- _Given material_
◆ ◆ ◆ ◆ ◆
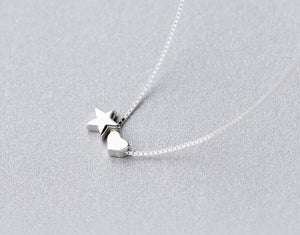 Bello vero. Gioielli in argento sterling 925 Collana con ciondolo a forma di cuore e stella lucida, catena da 18 pollici, regalo GTLX709
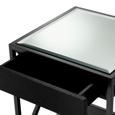Bestow a little Hollywood glamour on your home with the Beverly Hills Nightstand. This stunning piece has a sleek bronze finish frame with two criss-cross side panels that features a shelving space and storage drawer in oak veneer.
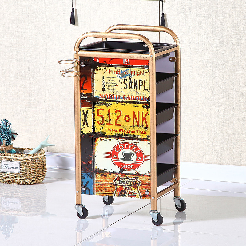 Hair tool car Beauty trolley Hair salon Hair stylist special lever car dyeing and ironing retro hair salon five-story cart
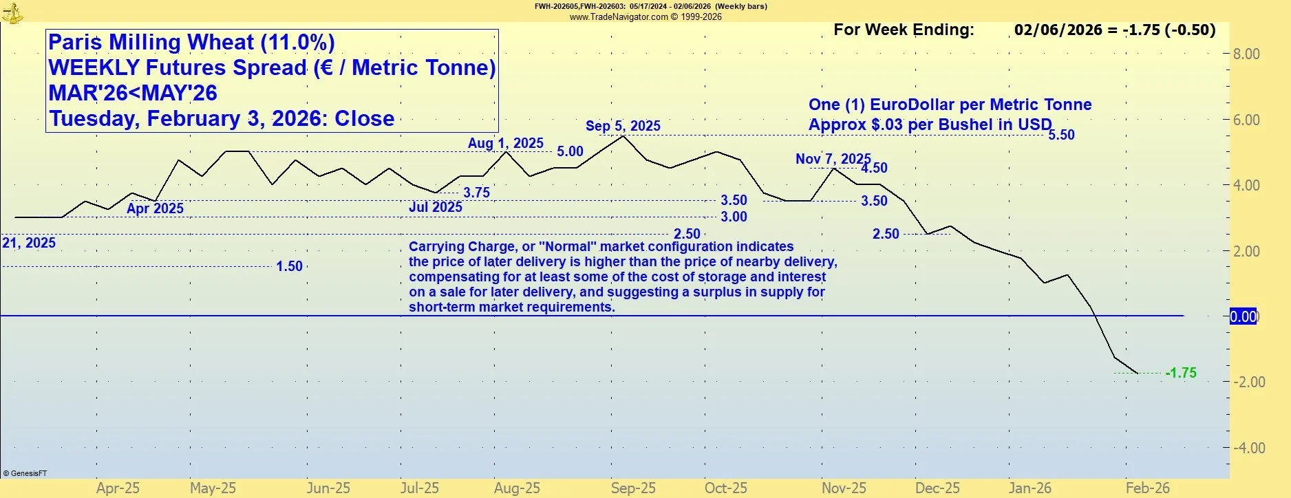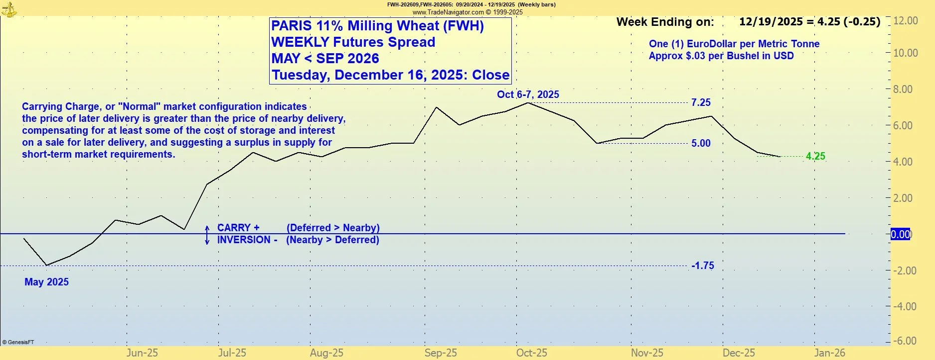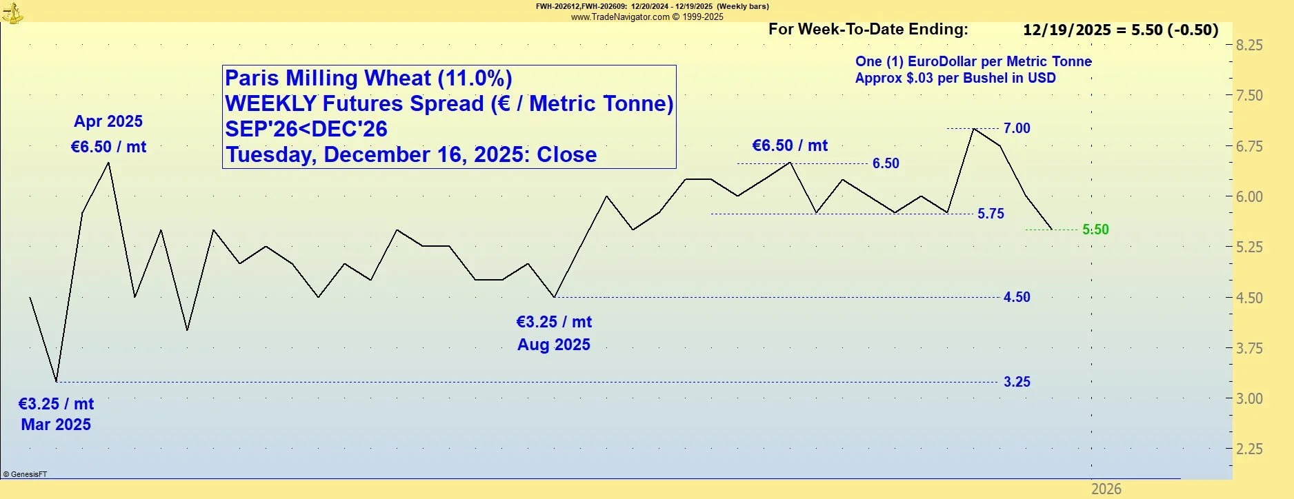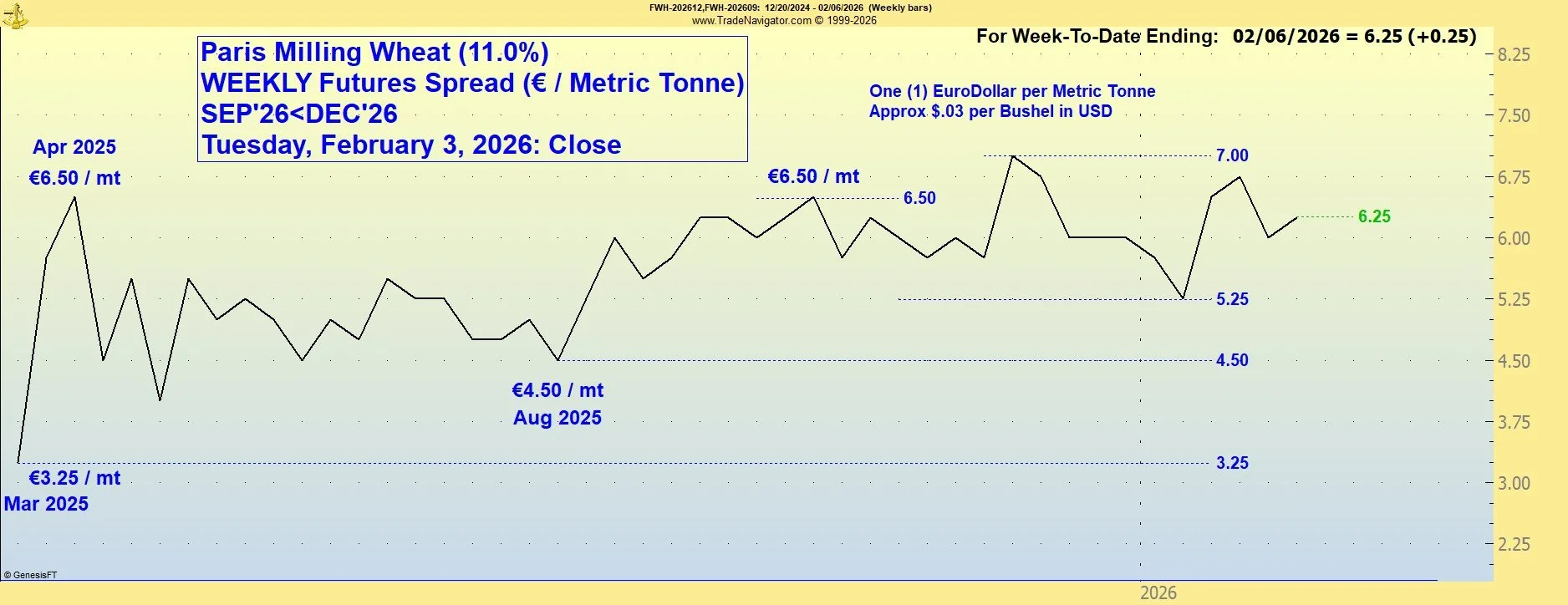 Weekly Futures Price Spreads Chicago SRW, KC HRW, MPLS HRS, Paris 11% Milling
◆ ◆ ◆ ◆ ◆
- _Problem requirements_
Retype the data above in full, exactly as it stands, and skip any image.

- _Solved exercise_
 Bello vero. Gioielli in argento sterling 925 Collana con ciondolo a forma di cuore e stella lucida, catena da 18 pollici, regalo GTLX709
Bestow a little Hollywood glamour on your home with the Beverly Hills Nightstand. This stunning piece has a sleek bronze finish frame with two criss-cross side panels that features a shelving space and storage drawer in oak veneer.
 Hair tool car Beauty trolley Hair salon Hair stylist special lever car dyeing and ironing retro hair salon five-story cart
 Weekly Futures Price Spreads Chicago SRW, KC HRW, MPLS HRS, Paris 11% Milling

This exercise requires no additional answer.